On June 14, 2005, London-based Financial Times published a story about Mubarak’s intention to name a vice president following the first multi-candidate presidential elections that was to be held later in September of the same year.
“We reached out to the reporter who filed the story, who confirmed to us that Suleiman Awad, a key aide to Mubarak and his official spokesman, had made the remark, on-the-record, over dinner with her and several British colleagues,” the cable said.
“Of the [contacts]…who gave the story credence, all agreed that intelligence chief general Omar Suleiman was the most likely to be named to the post,” the leaked document added.
The cable said some US embassy contacts approached for reaction were in turn surprised, bemused, and skeptical of the report.
“Of eight contacts we spoke with, only one, a prominent newspaper publisher and activist had heard of the story. Most agreed the timing of such an announcement, and the means selected to convey it, were strange, the cable said.
Suleiman was one of Mubarak’s closest advisors who enjoyed an increased public profile in earlier years with his role as Egypt’s point man on the Israeli-Palestinian conflict.
The post of vice president had been vacant since Mubarak took office in October 1981 following the assassination of president Anwar Sadat.
Mubarak named Suleiman his VP years after the cable was confidentially sent, following the nationwide Jan. 25 uprising demanding his ouster.
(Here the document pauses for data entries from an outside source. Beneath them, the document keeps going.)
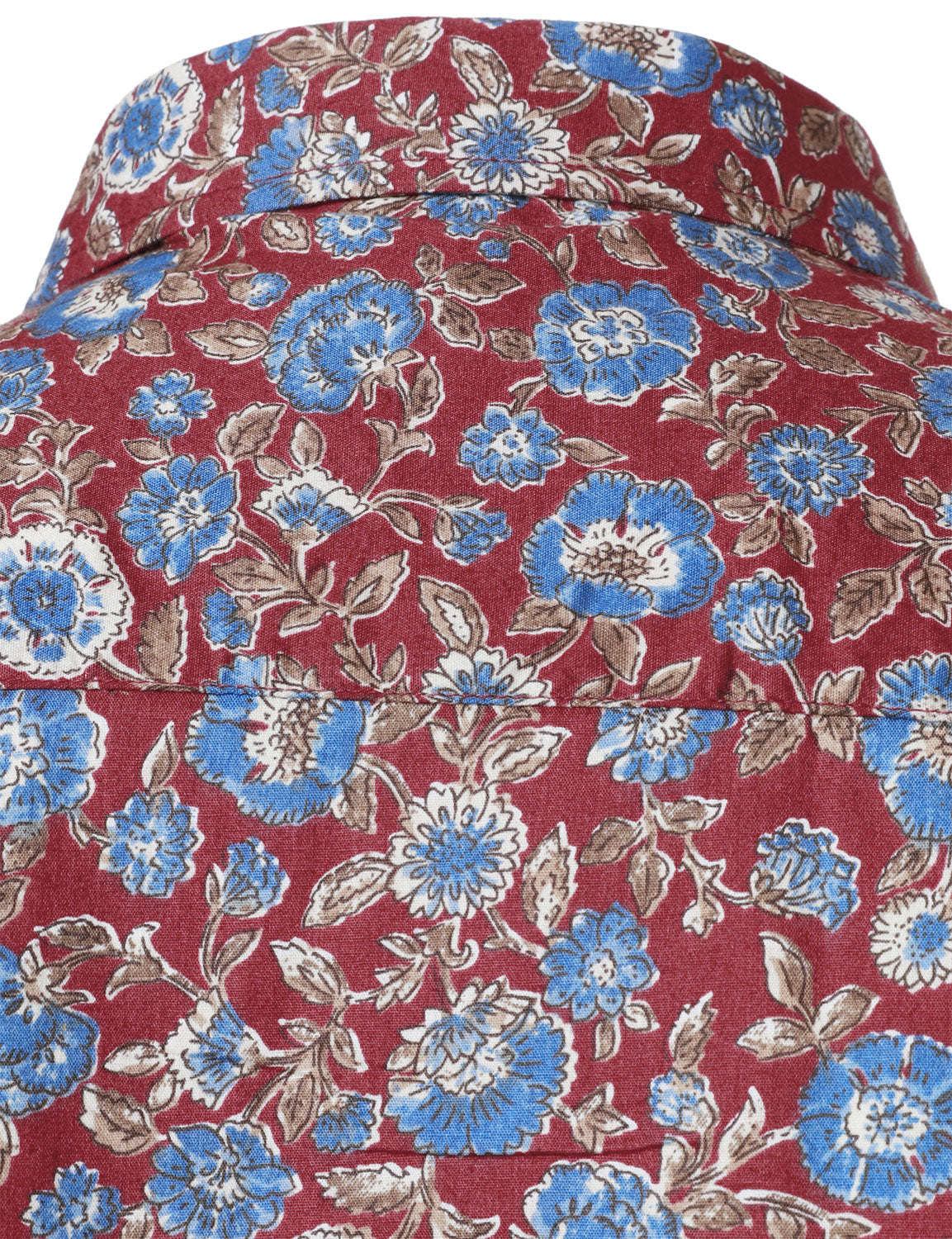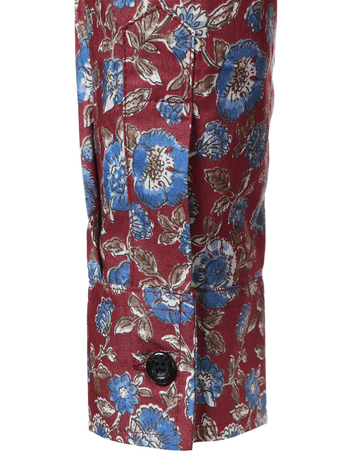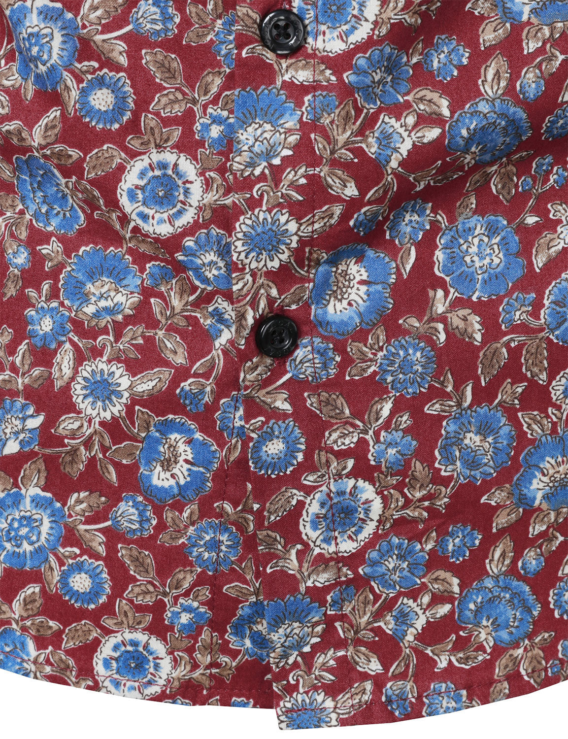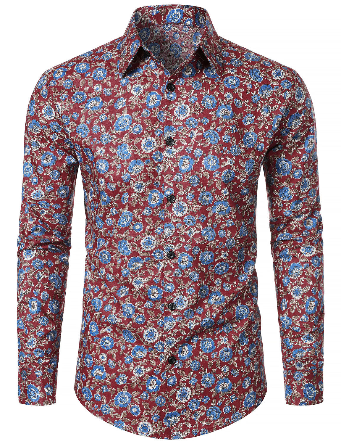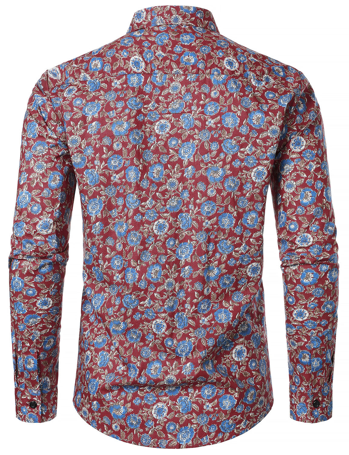 Men's 70s Breathable Cotton Floral Print Red Long Sleeve Shirt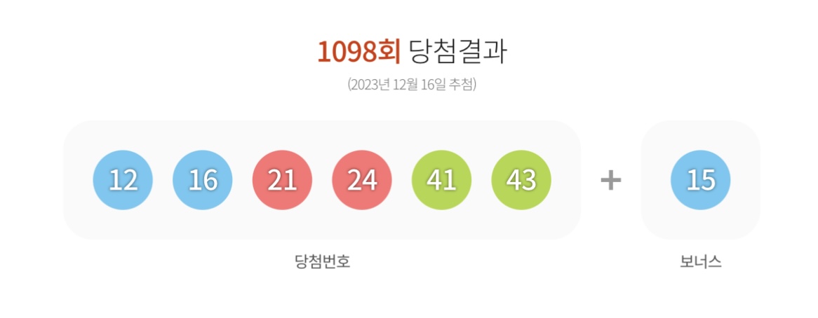 제1098회 로또복권 추첨에서 '12, 16, 21, 24, 41, 43'이 1등 당첨번호로 뽑혔다. 2등 보너스 번호는 '15'다.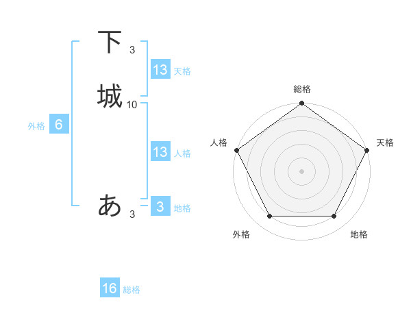 下城 あさんの天格は13画の5点!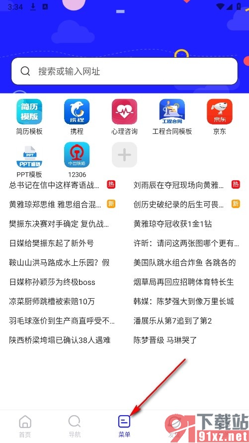 2、第二步,想要将网页设置为无图模式时,我们需要在浏览器页面下方点击打开“菜单”选项

In addition to other concessions including a promise not to run for a sixth term, Mubarak’s move appeared to be an attempt to appease the angry crowds. But protesters, mainly in Cairo’s Tahrir Square and other parts of Egypt, refused to leave the streets before Mubarak stepped down. He did so on Feb. 11, handing over power to the Supreme Council of the Armed Forces (SCAF).
A day earlier, Mubarak had handed over his powers to Suleiman. A pale-faced Suleiman, who was VP for less than a month, read out Mubarak’s stepping down letter in a brief TV appearance on Feb. 11.
Over the years, Suleiman’s name was often brought up in speculations of possible successors to Mubarak. He provided for a more favorable candidate than Mubarak’s son, Gamal.
However, when posters were spotted across the capital promoting “Suleiman for president” early September 2010, security officials made sure that no newspapers ran the news. Printed copies were burnt before they left print houses and others were made to pull the story. At the time, Mubarak and his son Gamal were in Washington, DC.